Княгиня, окинув нас взглядом, предложила представиться, а потом пригласила за стол.
В зале мы оказывались лишь вчетвером. Я был бы более удовлетворен дополнительным присутствием женщин, хотя бы невесток княгини. Но здраво рассудил, что гости мы выходили далеко не почетные, так что с нас оставалось и этого много. Вместо стола можно было бы за здорово живешь получить козлы да розги — в моем-то мундире нижнего чина. Отвлекаясь, я вынужден сказать, что стыд мой перед княгиней не был мимолетным. Мне по-прежнему было стыдно за свои поступки, и я с каким-то возмущенным недоумением взирал на свою прежнюю и безупречную жизнь, как бы спрашивал с нее за нынешние поступки, как бы ставил их ей в вину. С этим же возмущенным недоумением я глядел на себя, теперешнего, и спрашивал, за что же о теперешнем спрашиваю с себя тогдашнего. Времени и обстоятельств для более полного и глубокого разбирательства сейчас у меня не было.
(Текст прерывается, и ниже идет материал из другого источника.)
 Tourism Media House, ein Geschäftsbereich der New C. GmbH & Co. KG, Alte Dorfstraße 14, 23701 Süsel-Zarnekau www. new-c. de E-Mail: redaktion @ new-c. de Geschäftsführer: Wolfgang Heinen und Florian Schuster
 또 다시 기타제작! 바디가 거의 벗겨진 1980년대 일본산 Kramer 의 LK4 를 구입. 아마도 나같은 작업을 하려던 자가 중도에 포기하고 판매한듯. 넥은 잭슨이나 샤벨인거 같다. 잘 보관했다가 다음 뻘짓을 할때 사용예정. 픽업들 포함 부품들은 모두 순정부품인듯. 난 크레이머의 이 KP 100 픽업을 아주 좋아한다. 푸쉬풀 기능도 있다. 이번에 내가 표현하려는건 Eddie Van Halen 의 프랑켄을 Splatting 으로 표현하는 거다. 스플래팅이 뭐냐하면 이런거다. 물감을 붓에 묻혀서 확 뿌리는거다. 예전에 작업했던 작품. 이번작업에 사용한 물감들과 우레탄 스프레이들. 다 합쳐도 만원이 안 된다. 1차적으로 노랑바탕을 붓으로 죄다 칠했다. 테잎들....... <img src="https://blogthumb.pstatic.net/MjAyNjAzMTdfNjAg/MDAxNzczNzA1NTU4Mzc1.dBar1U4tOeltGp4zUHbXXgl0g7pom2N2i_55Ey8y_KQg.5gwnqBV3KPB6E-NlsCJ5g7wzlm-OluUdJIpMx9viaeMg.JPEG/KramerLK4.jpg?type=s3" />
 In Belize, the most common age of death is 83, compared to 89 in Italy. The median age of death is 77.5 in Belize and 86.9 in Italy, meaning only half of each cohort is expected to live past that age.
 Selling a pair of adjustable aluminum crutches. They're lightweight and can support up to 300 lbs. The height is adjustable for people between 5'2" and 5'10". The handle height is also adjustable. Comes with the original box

— Вы и мундир носите чужой как раз для свободы безобразий, молодой человек? — сурово спросила княгиня, а меня от слов ее, попавших совершенно метко, вдруг повело в сторону, вдруг рубцы от вил стали тянуть куда-то налево. Вся зала расширилась и увеличилась в высоту, княгиня отдалилась и помельчела. Внешне состояние мое стало походить на то, которое испытывал в бою, когда вырастал над всей местностью и вмещал ее в себя, отчего приходило совершенно четкое и восторженное понимание невозможности моей смерти. Но отличалось нынешнее мое состояние от тогдашнего отсутствием восторга и присутствием угнетавшего ощущения рубцов, тянущих влево, и еще более угнетающего стремления сохранить равновесие.
— Есть ли у вас матушка с батюшкой, молодой человек? — спросила княгиня, а я услышал ее слова через это стремление сохранить равновесие.
— Никак нет, ваше сиятельство! — с трудом, но, думаю, четко ответил я.
Княгиня перекрестилась на мой ответ о родителях и вновь спросила:
— Так что, и за безобразия уже теперь ни перед кем не стыдно?
От ее слов я дышать перестал — столь мне стало нужно собрать силы для сохранения равновесия. Я даже взмолился Богородице, в Покров которой родился, взмолился о том, чтобы княгиня меня отпустила. Ни перед кем из начальства я столь не испытывал стыда и раскаяния, столь не страдал от них, столь не страдал от непереносимого моего состояния от борьбы за сохранение равновесия. Вот как на меня взором своим повлияла княгиня — а что уж говорить про ее невесток, существ, надо полагать, куда более невинных, тонких, хрупких, нежели я.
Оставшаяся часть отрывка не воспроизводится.